The invention also provides apparatus suitable for overcoming the problem of oscillation of robot movement between two nodes. The oscillation may be overcome by detecting the start of an oscillation cycle between two nodes, and where this occurs to cause the internodal connection to become open circuit and thus break the oscillation loop.

In order that the invention may be more fully understood, it will now be further described by way of example only and with reference to the following figures in which Figure 1 is a schematic representation of a navigable environment.

Figure 2 is a schematic representation of a robot.

Figure 3 is an illustration of a part of a resistive grid where a node having an associated lowest voltage does not correspond to a path of maximum current.

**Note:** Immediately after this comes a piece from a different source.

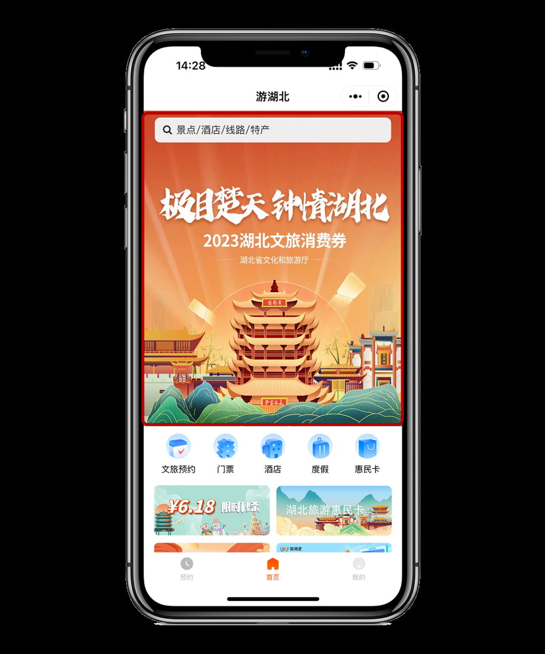 第一步:打開(kāi)“游湖北”APP/小程序——點(diǎn)擊進(jìn)入“極目楚天 鐘情湖北”文旅消費(fèi)券活動(dòng)

Figure 4 is a flow diagram of apparatus used for robot path planning.

Figure 5 is a typical circuit for assigning a high voltage to a busline Figure 6 is a typical circuit for assigning a voltage to a busline.

Figure 7 is a typical circuit for assigning edges of a resistive grid 7 as open circuit connections.

Figure 8 is a schematic diagram of typical comparator circuitry used to select direction of robot movement.

Figure 1 is a schematic representation of a navigable environment 1, eg a room or a factory floor. which is notionally divided up into a rectangular topology network of nodes called an internodal network. Typically a room of approximately 9 m 2 would be divided up into an internodal network containing 100 nodes, although finer and coarser internodal networks could also be used. Each node of the internodal network represents an individual and discrete position within the navigable environment. Node 2 represents positioning of a (typically cylindrical) robot 3, whilst node 4 represents a target position for the robot to navigate to. called a goal position. Obstacles 5, 6 and 7 are also present in the navigable environment. Typically these obstacles could be items such as tables, doors etc where the navigable environment is a room, or equipment etc where the navigable environment is a factory floor. A typical robot navigation problem would be that of making the robot navigate a path from an initial start position, eg node 2, to a goal position, eg at node 4, in such a way that the robot avoids any obstacles contained within the navigable environment, eg obstacles 5, 6 and 7. Navigation by implementation of a method called the resistive grid method uses the nodes of the internodal network as a representation of discrete positions within the navigable environment, and assigns resistances to each connection between each respective node and the respective node's neighbouring nodes. The resistances are assigned to each internodal connection according to standard resistive 8 grid techniques such that obstacles are represented as regions of high or infinitely high resistance against a background of constant low resistance. Typical standard resistive grid techniques have internodal connections which lie completely outside an obstacle and are assigned a low resistance, and internodal connections representing positions which lie partially or wholly within an obstacle are assigned a high resistance. Representation of each obstacle is increased in size to take into account the robot's finite size (eg where the robot is cylindrical, then representation of the robot is increased by half the diameter of the robot), and internodal connections falling partially or wholly within this representation of an enlarged region are assigned a resistance which can be either high or medium when compared to a low resistance background.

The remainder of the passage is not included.